At first blush, machine learning tools allow one to replace human agents with computer agents, for example, machine agents can listen in on multiple earnings calls at the same time, and allow you to move the probability of certain events like mergers, acquisitions, bankruptcy, and earnings surprises occurring. The predictions still have to be aided with context, culture, sentiment, jargon, to which little to no data exists and where data exists too little is available for any good predictive power. These models would have to understand topics pertaining to the deal negotiations; they need to understand certain legal and regulatory requisites and intuit the conversations that are happening behind closed doors. Many of these effects are hard to measure and almost “extrastatistical”. These contextual issues are not captured and for that reason do not appear in the loss landscape of the prediction model. This difficulty is even empirically backed up by researchers who are in the business of selling you their product, S&P Global researchers show that by analysing these calls you can predict tomorrows return direction with 52.45 percent.
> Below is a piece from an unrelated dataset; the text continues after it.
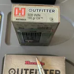 - Hornady Outfitter, 308Win, 165 grain CX ammo, nickel-plated corrosion resistant brass, Polymer Tipped Copper Alloy Expanding bullet, precise hunting ammo. $55 per 20 round box.

Ignoring potential modelling and statistical errors, that’s a mere 2 percentage points above random. Analysts with deep expertise are not going to be relegated to janitorial services anytime soon. If machines replace analysts, they will only use what is measurable to the exclusion of everything else, this has historically been very problematic in other domains[1].
There would always be elements of information that cannot be incorporated into a machine learning model, and for that reason, a machine learning prediction should, in some respects, only be one component in a system of Bayesian decision-making. In so many domains, data must be understood within a holistic framework of one-off events, e.g., when Minneapolis Fed President, Kashkari warns about a ‘greater catastrophe’, one must understand the context and intermeshed layers of incentives not always readily programmable. There is a fundamental limitation in that we are forced to present the world as a data matrix of mostly independent rows — and yet we know the world is more complex than that, especially viewed through the prism of financial graph networks that illustrates more interconnectedness than previously imagined.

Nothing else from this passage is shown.